Lorsque l'on lit les Mémoires de certains éditeurs qui ont vécu la "drôle de guerre", la percée allemande, la débâcle et les premiers mois de l'occupation et du régime de Vichy, chaque fois, une question les taraude:
fallait-il ou non continuer à choisir des manuscrits à éditer, alors que les lettres françaises étaient sous la botte, que la liste Otto venait d'être instaurée, que des dizaines d'auteurs essentiels étaient interdits, que leurs livres envoyés au pilon et que les écrivains étaient tenus en résidence surveillée par Abetz et Heller ?
Dans "Les auteurs de ma vie" (Buchet/Chastel, 1969), Edmond BUCHET, le plus parisien des éditeurs suisses, écrivait après avoir rejoint la capitale occupée le 21 octobre 1940 :
Me voici de nouveau dans notre bureau du boulevard du Montparnasse. Chastel s'est bien débrouillé avec les Allemands. Il a obtenu la levée des scellés et la réouverture des éditions sans prendre aucun engagement. Je suis entièrement d'accord avec lui quant au programme à suivre. Aussi longtemps que nous pourrons exercer notre profession dignement, nous l'exercerons : elle est plus que jamais utile. Au moment où l'on voit déjà tant d'éditeurs incliner vers la collaboration, il est bon qu'il y en ait qui restent au-dessus de la politique et continuent à fournir aux esprits, presque aussi affamés que les ventres, leur nourriture.(...) Dans tous les cas, nous nous promettons de n'éditer sous l'occupation que des livres que nous aurions publiés sous un régime libre. Si les Allemands voulaient nous forcer à faire autrement, nous fermerions la maison.

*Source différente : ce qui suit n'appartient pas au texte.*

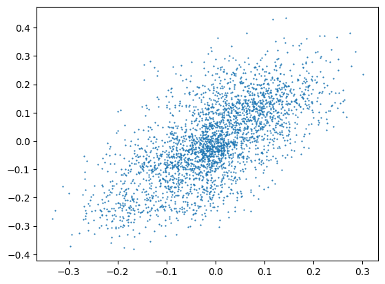 plt.scatter(csd_trialA, csd_trialB, marker='.', s=1.5);
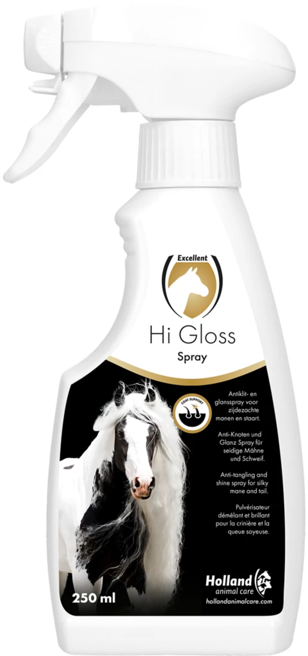 Cerchi uno spray illuminante che faccia più che semplicemente brillare? Allora lo spray Hi Gloss è la soluzione perfetta per te e per il tuo cavallo. Districa senza sforzo la criniera e la coda, rende il pelo setoso e dona al destriero un volume incredibile con una luminosità favolosa: ideale per l'uso quotidiano o per una grande visibilità alle competizioni.

Son passeport helvétique a sans doute joué en faveur de cet éditeur franco-suisse; il n'en reste pas moins que sa position à l'automne 1940 est défendable.
Les Français, on le sait , on beaucoup lu, dévoré même, durant les 4 années de l'occupation.
La position d'un Edmond Buchet, qui soulignait le besoin absolu de donner à la littérature française et francophone les moyens de survivre, même si elle a pu indirectement faire le jeu d'un Otto Abetz cherchant à donner l'illusion d'une normalisation culturelle, a contribué à empêcher un total effondrement moral chez certains Français.
Buchet et Chastel ont su garder une ligne morale durant les années noires. A la Libération, ils furent conviés à prendre part à un groupe d'éditeurs ayant su "rester dignes pendant l'occupation".
Mais la question reste posée, car le monde de l'édition, comme d'autres domaines sensibles durant la guerre, fut traversé de crises politiques et accusé, souvent à juste titre, d'avoir été très complaisant envers l'occupant et Vichy.